Task	Memoryless Baseline	Full-History Baseline	MemoryWAM
Shell Game (real)	Failed (no cup recall)	Failed (latency too high)	Success
Long-horizon pick-and-place (sim)	Failed after ∼20 steps	Worked but high latency	Success + low latency
GPU memory footprint	Low (but fails)	High (grows linearly)	Low and constant

No exact numerical table was provided in the paper text, but the pattern is clear: MemoryWAM solves memory-dependent tasks with practical compute.

Why This Matters for Robotics

Many real-world robot tasks—like assembly, cooking, or warehouse sorting—require remembering what happened minutes ago. Current state-of-the-art vision-language-action models (VLAs) often assume the environment is Markovian (i.e., only the latest image matters), which breaks down when objects disappear behind obstacles, tools are used and set down, or sequences have dependencies separated in time.

MemoryWAM's approach is especially relevant for humanoid robots and warehouse robots that operate in complex, dynamic environments. A humanoid that can remember where it put a tool ten minutes ago doesn't need to re-scan the environment constantly. A warehouse robot that can track inventory handoffs across multiple stations benefits from persistent memory without exploding compute costs.

The practical inference speed means MemoryWAM can run on current-generation GPUs in real-time, making it deployable on used industrial robots retrofitted with modern controllers. For companies running used cobots for assembly tasks with long sequences, this memory-efficient architecture could enable automation of tasks that previously required human oversight.

Limitations and Open Questions

MemoryWAM inherits the fundamental limitations of video diffusion models: they struggle with high-level semantic reasoning and abstract task planning.
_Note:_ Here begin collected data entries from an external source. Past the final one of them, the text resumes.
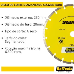 Diâmetro externo: 230mm. Diâmetro do furo: 20mm. Tipo de corte: A seco. Perfil do corte: Segmentado. Rotação máxima (rpm): 6.600 rpm.
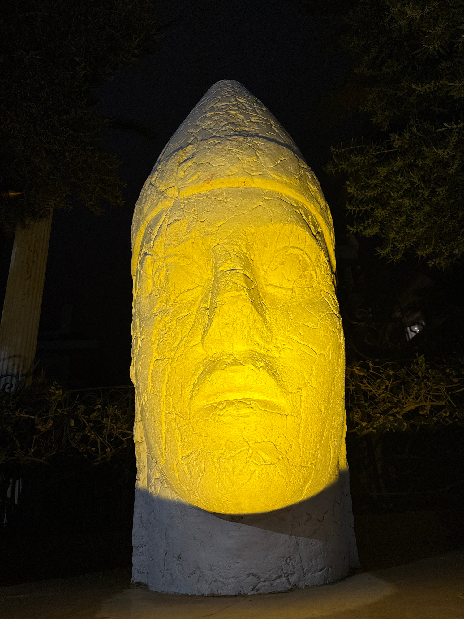 The image shows a large, yellow-painted concrete sculpture of a human head at night. The head has a smoothed, rounded form with visible facial features. A light source illuminates the right side of th…read more
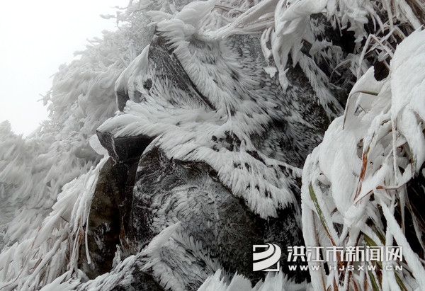 11月29日,平均海拔1300米的湖南雪峰山国家森林公园迎来今冬第一场大雾凇,漫山遍野银装素裹,松树和灌木一夜之间被冰晶所包裹,晶莹剔透、耀眼迷人,白茫茫一片如童话世界一般美丽……
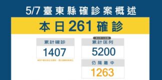台東7日新增確診261例 養護機構再傳群聚染疫案例

The paper suggests that future work could combine MemoryWAM's memory system with a "System 2" reasoning model (like large language models) to handle tasks requiring logic, math, or natural language understanding.

Another open question is scalability: how well does the gist token compression work for tasks lasting hours or days? The experiments covered minutes-long tasks. The anchor frame selection policy (when to save an anchor) is hardcoded; learning this selection online could improve generalisation.

Finally, MemoryWAM was tested only on a single dual-arm platform with parallel grippers. Deploying on different robot morphologies or with dexterous hands may require retuning the memory configuration.

Frequently Asked Questions

What makes MemoryWAM different from earlier world action models? Earlier models either had no memory (failing on long-horizon tasks) or stored every past frame (becoming slow and memory-heavy). MemoryWAM uses a hybrid approach with a fixed-size memory that compresses history into anchor frames and gist tokens.

Does MemoryWAM require special hardware? No—it ran on standard GPUs in the experiments. The memory design is software-only and compatible with any robot that uses camera images and joint-level action outputs.

What tasks is MemoryWAM best suited for? Tasks where the robot must remember events that happened more than a few seconds ago, such as object tracking (Shell Game), multi-step assembly with occluded items, or long pick-and-place sequences.

Can MemoryWAM be combined with a language model for instruction following? The paper mentions that as future work. The current model accepts a task description as conditioning, but does not integrate a separate language reasoning loop.

Conclusion

MemoryWAM solves a critical bottleneck in long-horizon robotic manipulation: how to remember the past without paying the full computational price. By combining a sliding window, anchor frames, and compressed gist tokens, it achieves superior performance on memory-dependent tasks with real-time inference speeds. This brings world action models one step closer to practical deployment in factories and homes.